## Task description
Retype, word for word, each line between the lines holding "Custom RFID cable" and "40 Shanghai: Song", inclusive, and leave the rest of the data alone.

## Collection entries
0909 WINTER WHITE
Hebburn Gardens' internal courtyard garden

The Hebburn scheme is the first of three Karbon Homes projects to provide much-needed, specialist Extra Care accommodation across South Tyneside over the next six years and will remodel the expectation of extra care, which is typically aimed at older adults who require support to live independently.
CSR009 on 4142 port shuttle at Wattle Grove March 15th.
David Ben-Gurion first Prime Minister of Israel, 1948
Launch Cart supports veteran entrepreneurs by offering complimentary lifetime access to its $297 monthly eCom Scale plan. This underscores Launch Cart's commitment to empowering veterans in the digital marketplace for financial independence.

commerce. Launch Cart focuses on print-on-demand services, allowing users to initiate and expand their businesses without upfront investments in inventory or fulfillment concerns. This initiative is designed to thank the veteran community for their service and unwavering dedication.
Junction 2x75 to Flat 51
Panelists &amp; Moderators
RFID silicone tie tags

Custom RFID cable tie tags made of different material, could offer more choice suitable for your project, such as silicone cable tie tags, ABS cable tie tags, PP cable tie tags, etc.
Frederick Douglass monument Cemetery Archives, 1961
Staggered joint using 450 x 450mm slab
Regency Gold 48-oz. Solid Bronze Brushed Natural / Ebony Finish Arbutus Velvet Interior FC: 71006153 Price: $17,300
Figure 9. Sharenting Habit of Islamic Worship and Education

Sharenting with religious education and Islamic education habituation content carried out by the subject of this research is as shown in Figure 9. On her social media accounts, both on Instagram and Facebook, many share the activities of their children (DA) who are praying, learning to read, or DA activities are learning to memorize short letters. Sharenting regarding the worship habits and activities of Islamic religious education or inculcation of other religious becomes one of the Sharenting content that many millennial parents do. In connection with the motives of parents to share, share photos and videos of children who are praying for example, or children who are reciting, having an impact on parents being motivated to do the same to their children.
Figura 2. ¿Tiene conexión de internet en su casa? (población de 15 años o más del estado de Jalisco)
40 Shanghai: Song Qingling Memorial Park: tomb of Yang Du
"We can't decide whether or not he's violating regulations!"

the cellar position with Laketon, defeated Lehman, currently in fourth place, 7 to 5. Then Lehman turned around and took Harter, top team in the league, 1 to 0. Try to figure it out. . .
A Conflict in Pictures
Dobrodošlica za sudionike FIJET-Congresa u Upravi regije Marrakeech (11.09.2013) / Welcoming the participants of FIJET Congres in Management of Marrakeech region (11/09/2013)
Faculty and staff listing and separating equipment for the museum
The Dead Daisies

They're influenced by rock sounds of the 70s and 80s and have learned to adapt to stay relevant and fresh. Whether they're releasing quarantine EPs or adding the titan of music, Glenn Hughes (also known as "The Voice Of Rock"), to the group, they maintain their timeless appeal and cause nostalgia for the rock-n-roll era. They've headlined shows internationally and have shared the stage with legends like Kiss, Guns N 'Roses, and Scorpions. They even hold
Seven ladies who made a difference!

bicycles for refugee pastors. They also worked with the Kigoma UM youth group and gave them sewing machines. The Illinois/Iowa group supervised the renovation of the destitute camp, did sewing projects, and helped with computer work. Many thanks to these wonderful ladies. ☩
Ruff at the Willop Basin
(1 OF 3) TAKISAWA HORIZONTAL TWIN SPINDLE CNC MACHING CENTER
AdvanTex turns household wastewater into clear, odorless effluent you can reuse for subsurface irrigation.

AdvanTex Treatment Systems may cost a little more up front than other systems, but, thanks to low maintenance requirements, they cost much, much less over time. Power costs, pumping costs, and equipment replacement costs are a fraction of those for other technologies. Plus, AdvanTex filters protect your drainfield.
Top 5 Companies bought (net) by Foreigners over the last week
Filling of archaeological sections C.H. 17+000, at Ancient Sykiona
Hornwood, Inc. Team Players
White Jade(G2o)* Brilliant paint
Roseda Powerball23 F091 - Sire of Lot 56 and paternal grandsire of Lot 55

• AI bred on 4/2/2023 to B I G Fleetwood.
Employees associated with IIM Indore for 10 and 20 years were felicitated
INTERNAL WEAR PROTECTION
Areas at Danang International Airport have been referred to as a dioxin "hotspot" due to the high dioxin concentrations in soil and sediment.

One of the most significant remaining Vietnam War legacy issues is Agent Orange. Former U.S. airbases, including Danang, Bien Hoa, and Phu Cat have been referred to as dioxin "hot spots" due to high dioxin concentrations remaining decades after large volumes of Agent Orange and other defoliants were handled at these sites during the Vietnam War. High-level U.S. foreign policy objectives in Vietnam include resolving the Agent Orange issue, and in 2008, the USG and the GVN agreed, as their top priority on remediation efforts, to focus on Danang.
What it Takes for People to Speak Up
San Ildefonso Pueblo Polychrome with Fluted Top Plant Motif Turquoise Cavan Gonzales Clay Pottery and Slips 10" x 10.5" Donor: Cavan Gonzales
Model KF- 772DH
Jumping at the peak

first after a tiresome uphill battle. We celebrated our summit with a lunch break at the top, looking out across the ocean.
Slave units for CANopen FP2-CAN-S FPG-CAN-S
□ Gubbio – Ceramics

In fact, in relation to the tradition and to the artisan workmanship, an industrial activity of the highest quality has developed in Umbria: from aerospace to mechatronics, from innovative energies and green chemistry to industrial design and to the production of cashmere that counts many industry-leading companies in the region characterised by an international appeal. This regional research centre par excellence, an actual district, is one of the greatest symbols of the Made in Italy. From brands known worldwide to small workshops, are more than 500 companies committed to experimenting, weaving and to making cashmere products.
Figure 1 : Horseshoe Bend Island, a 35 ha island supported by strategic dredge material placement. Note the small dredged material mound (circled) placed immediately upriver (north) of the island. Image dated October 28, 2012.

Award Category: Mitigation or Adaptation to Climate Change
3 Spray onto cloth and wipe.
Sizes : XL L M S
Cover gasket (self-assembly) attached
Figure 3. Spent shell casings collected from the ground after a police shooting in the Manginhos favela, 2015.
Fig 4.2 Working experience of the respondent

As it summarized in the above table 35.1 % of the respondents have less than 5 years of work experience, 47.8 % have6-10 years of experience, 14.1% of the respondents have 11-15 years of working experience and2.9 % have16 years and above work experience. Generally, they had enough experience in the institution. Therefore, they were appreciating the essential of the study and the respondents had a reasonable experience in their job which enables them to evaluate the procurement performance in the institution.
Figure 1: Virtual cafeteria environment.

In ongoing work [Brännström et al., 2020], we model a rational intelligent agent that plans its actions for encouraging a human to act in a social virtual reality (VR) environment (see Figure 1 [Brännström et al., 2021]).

## Exercise output
Custom RFID cable tie tags made of different material, could offer more choice suitable for your project, such as silicone cable tie tags, ABS cable tie tags, PP cable tie tags, etc.
Frederick Douglass monument Cemetery Archives, 1961
Staggered joint using 450 x 450mm slab
Regency Gold 48-oz. Solid Bronze Brushed Natural / Ebony Finish Arbutus Velvet Interior FC: 71006153 Price: $17,300
Figure 9. Sharenting Habit of Islamic Worship and Education

Sharenting with religious education and Islamic education habituation content carried out by the subject of this research is as shown in Figure 9. On her social media accounts, both on Instagram and Facebook, many share the activities of their children (DA) who are praying, learning to read, or DA activities are learning to memorize short letters. Sharenting regarding the worship habits and activities of Islamic religious education or inculcation of other religious becomes one of the Sharenting content that many millennial parents do. In connection with the motives of parents to share, share photos and videos of children who are praying for example, or children who are reciting, having an impact on parents being motivated to do the same to their children.
Figura 2. ¿Tiene conexión de internet en su casa? (población de 15 años o más del estado de Jalisco)
40 Shanghai: Song Qingling Memorial Park: tomb of Yang Du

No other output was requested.